Cette idée avait révulsé la mère. Elle se figurait sa petite
fille aux prises avec ce vieillard. Tout viendrait donc de là…

— Vous avez peut-être raison, car elle présente aussi
un autre trouble, comme une phobie. Elle ne supporte pas qu’on la touche.

Pour le spécialiste, il était évident que la petite avait
subi un fort choc psychologique et il lui était difficile de croire qu’il soit
dû à un simple manque de vocalises.

En fait, le psychothérapeute était convaincu que la plupart
de ses clientes avaient été abusées sexuellement dans leur enfance. Il en était
tellement persuadé que, lorsqu’il n’y avait pas de traumatisme de ce genre à
découvrir derrière un comportement maladif, il proposait à ses patientes de
s’en autosuggérer un. Ensuite, il lui était facile de les soigner et elles
devenaient ses abonnées à vie.

Lorsque la mère avait téléphoné pour prendre rendez-vous, il
lui avait demandé si elle mangeait normalement maintenant.
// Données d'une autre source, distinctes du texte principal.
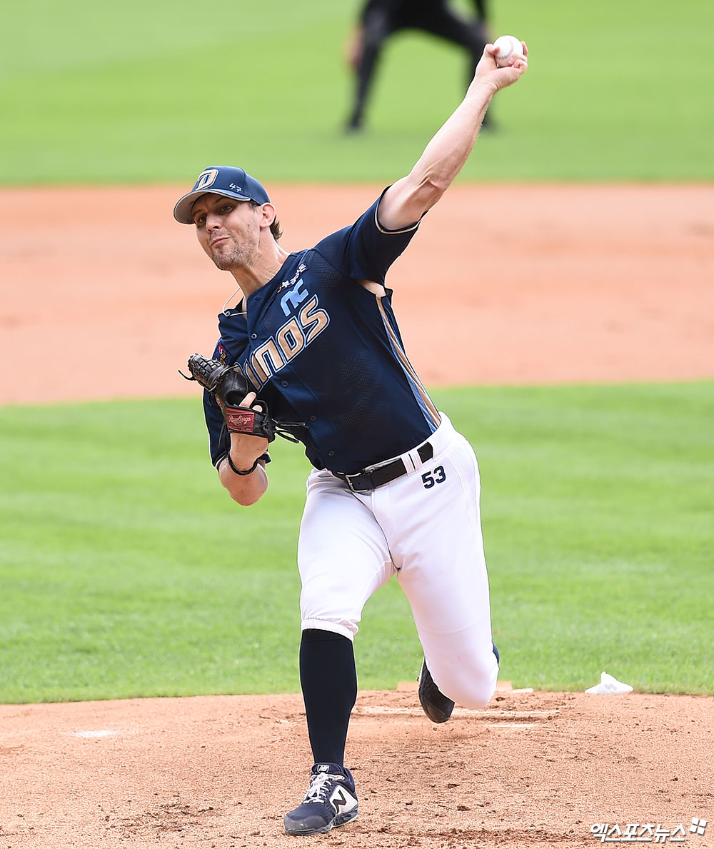 [엑스포츠뉴스 잠실, 박지영 기자] 3일 오후 서울 송파구 잠실야구장에서 열린 '2019 신한은행 MY CAR KBO 포스트시즌' NC 다이노스와 LG 트윈스의 와일드카드 결정전 1차전 경기, 1회말 무사 NC 선발투수 프리드릭이 역투하고 있다.

— Non, toujours pas, avait-elle répondu. Elle chipote,
elle refuse d’avaler tout ce qui ressemble de près ou de loin à de la viande. À
mon avis, elle traverse toujours une phase anorexique même si les
manifestations en sont moins spectaculaires qu’auparavant.
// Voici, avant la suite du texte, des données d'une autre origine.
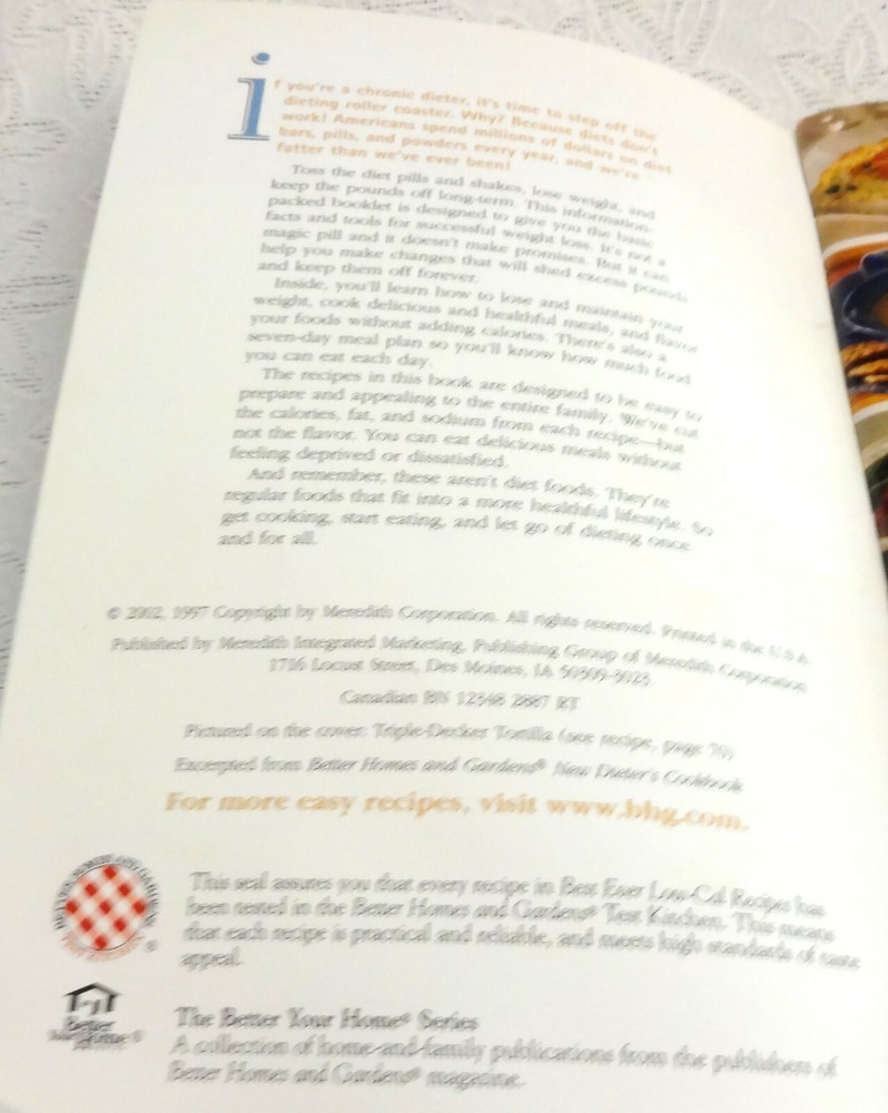Better Homes & Gardens Best Ever Low-Cal Recipes Eat & Lose Weight 100+ Ways To Win At Weight Loss Plus A Full Week Of Menus ©2002...

— Voilà qui explique sans doute son aménorrhée.

— Son aménorrhée ?

— Oui. Vous m’avez confié qu’à dix-neuf ans votre fille
n’a encore jamais eu ses règles. Il y a là un retard plutôt anormal dans son
développement. Qu’elle mange si peu en est probablement la cause. L’aménorrhée
est souvent liée à l’anorexie. Le corps possède sa sagesse propre. Il ne
produit pas d’ovule s’il ne se sent pas capable de nourrir par la suite un
fœtus pour le mener à terme, n’est-ce pas ?
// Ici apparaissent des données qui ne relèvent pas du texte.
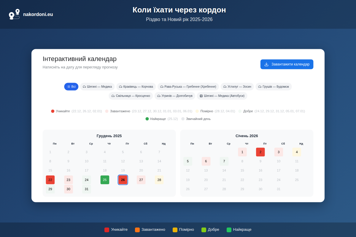 У святковий період 22.12–07.01.2026 очікується підвищене навантаження на кордоні. Ми відстежуємо черги на 16 пунктах пропуску в реальному часі.

— Mais pourquoi se conduit-elle ainsi ?

— Julie présente ce que, dans notre jargon, nous
appelons un « complexe de Peter Pan ». Elle veut retenir son état
d’enfance. Elle refuse de devenir adulte. Elle espère, en ne mangeant pas, que
son corps ne se développera pas, qu’elle demeurera à jamais une petite fille.

— Je vois, soupira la mère. Ce sont sans doute les
mêmes raisons qui font qu’elle ne souhaite pas réussir son baccalauréat.

— Évidemment, le bachot signifie lui aussi un passage à
l’âge adulte. Et elle ne veut pas devenir adulte. Alors, Julie se cabre comme
un cheval rétif pour ne pas passer cette haie, n’est-ce pas ?

 

Par l’interphone, une secrétaire signala l’arrivée de Julie.
Le psychothérapeute la pria de la faire entrer.

Julie était venue en compagnie du chien Achille. Autant
profiter de cette séance pour assurer la sortie quotidienne de l’animal.